Tout comme il en va pour la santé humaine, il faut, en matière d’hygiène numérique, plus qu’un comportement personnel responsable : on doit aussi revendiquer la mise en place d’un cadre de santé publique numérique. Vous savez, un genre de prévention des pandémies ou, plus positivement, la promotion de saines habitudes de vie. J’en ai déjà parlé dans de précédentes chroniques, les lois actuelles fédérales et provinciales ne suffisent pas.

Pour référence, fallait voir le simulacre de commission parlementaire fédérale et estivale censé se pencher sur la protection de nos renseignements personnels où comparaissait le PDG de Desjardins. On a plutôt eu droit à de la partisanerie bas de gamme entre députés d’arrière-ban. Pas un PDG de banque à charte dans le périmètre, sinon deux ou trois consultants en sécurité informatique.

Scheer et Trudeau? Partis flipper des boulettes de hamburger à Calgary!

Alors, qu’ont dit les consultants en sécurité informatique? « Oui bien sûr les demandes de renseignements personnels exigées par les banques vont bien au-delà du raisonnable, mais que voulez-vous, il est trop tard, et ce, même si vous changiez votre numéro d’assurance sociale.

« Mais alors que faire », de demander les députés inquiets? « il faut que les banques ouvrent des points de services matériels là où des individus seront à même de contrôler votre identité, de répondre les consultants. »

Quoi? Faire appel à des personnes? Alors que l’on ferme des points de services bancaires dans tous les villages?

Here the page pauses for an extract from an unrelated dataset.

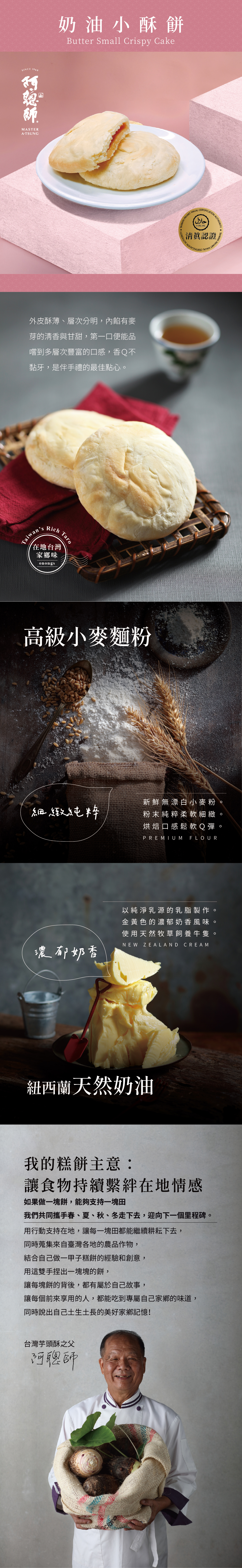 人工桿製的麵皮,讓奶油酥餅有著「層次」的口感,層層的酥皮,包覆著微甜並散發著奶香味的內餡,皮酥餡Q,口感馥郁香醇。

Apparemment, même si les institutions bancaires ne sont pas encore revenues à cette pratique, il y a retour en force du commerce physique! Jeff Bedos chez Amazon tergiverse actuellement entre 16 ou 17 formules d’expérience client matérielle devant agir en complémentarité avec l’achat en ligne. Ça semble aller dans toutes les directions, partant de la boutique ayant pignon sur rue au sortir de laquelle votre carte de crédit associée à votre compte Amazon aura débité sans la moindre interaction jusqu’à la rencontre d’un conseiller-vendeur-lubrifiant social. Et n’oublions pas les boutiques éphémères de Facebook, déjà ouvertes aux États-Unis et dans lesquelles on peut trouver des produits originaux non manufacturés à la chaîne, paraît-il.

Bonne nouvelle? Ischhhh… Moi, la journée où les fraises du Témiscamingue seront vendues par Facebook, je prends le bois! Come on, le marché public c’est la dernière place d’affaires ou t’es pas obligé de donner ton nom pour acheter des petites fèves.

Non, pour moi, la mode du commerce matériel ne protégera jamais les citoyens.

Une charte du numérique de l’Abitibi-Témiscamingue s’impose et elle devra comprendre une section sur la constitution d’une banque de données personnelles uniques fournies sur une base volontaire localement et respectant le droit à l’anonymat numérique. À l’État de développer l’outil, et pas au privé.

La BBC et Guillaume le Conquérant comme consultants?